2.12.2: IOR read testing reliably inducing LNetError: Timed out RDMA with ...@o2ib1 (6): c: 0, oc: 0, rc: 63

    XMLWordPrintable

Details

    • 3
    • 9223372036854775807

    Description

      Hello,
      I've been doing some more benchmark testing for IO500 today and have been reliably hitting what appears to be an LNET/RDMA/Network problem since upgrading our servers and clients to Lustre 2.12.2.

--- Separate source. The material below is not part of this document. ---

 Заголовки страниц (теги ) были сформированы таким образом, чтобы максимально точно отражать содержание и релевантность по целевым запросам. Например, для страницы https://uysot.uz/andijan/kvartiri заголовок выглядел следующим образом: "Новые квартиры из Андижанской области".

      The test environment is:

      Server Environment
      # 24 Identical servers, each server contains 12x NVMe SSDs.
      # Each server is both MDS and OSS
      lustre-2.12.2-1.el7.x86_64
      kernel-3.10.0-957.10.1.el7_lustre.x86_64
      
      # Fabric is Intel OPA, using distro's in-kernel OFED
      # Each server has 2x OPA cards, configured with LNET multi-rail
      [root@dac-e-1 ~]# lnetctl net show
      net:
          - net type: lo
            local NI(s):
              - nid: 0@lo
                status: up
          - net type: o2ib1
            local NI(s):
              - nid: 10.47.18.1@o2ib1
                status: up
                interfaces:
                    0: ib0
              - nid: 10.47.18.25@o2ib1
                status: up
                interfaces:
                    0: ib1
      
      # LNET tunables
              tunables:
                    peer_timeout: 180
                    peer_credits: 128
                    peer_buffer_credits: 0
                    credits: 1024
                    peercredits_hiw: 64
                    map_on_demand: 256
                    concurrent_sends: 256
                    fmr_pool_size: 2048
                    fmr_flush_trigger: 512
                    fmr_cache: 1
                    ntx: 2048
                    conns_per_peer: 4
      
      Client Environment
      # Test involves 10 clients
      lustre-client-2.12.2-1.el7.x86_64
      kernel-3.10.0-957.10.1.el7.x86_64
      
      # Client has 1x Intel OPA card
          - net type: o2ib1
            local NI(s):
              - nid: 10.47.20.61@o2ib1
                status: up
                interfaces:
                    0: ib0
                statistics:
                    send_count: 21957610
                    recv_count: 29253267
                    drop_count: 2
                tunables:
                    peer_timeout: 180
                    peer_credits: 128
                    peer_buffer_credits: 0
                    credits: 1024
                    peercredits_hiw: 64
                    map_on_demand: 256
                    concurrent_sends: 256
                    fmr_pool_size: 2048
                    fmr_flush_trigger: 512
                    fmr_cache: 1
                    ntx: 2048
                    conns_per_peer: 4
                lnd tunables:
                dev cpt: 0
                tcp bonding: 0
                CPT: "[0,1]"
      

      I'm testing with the 'ior_easy' phase of IO500, which just writes a single file per-process to achieve a maximum bandwidth number.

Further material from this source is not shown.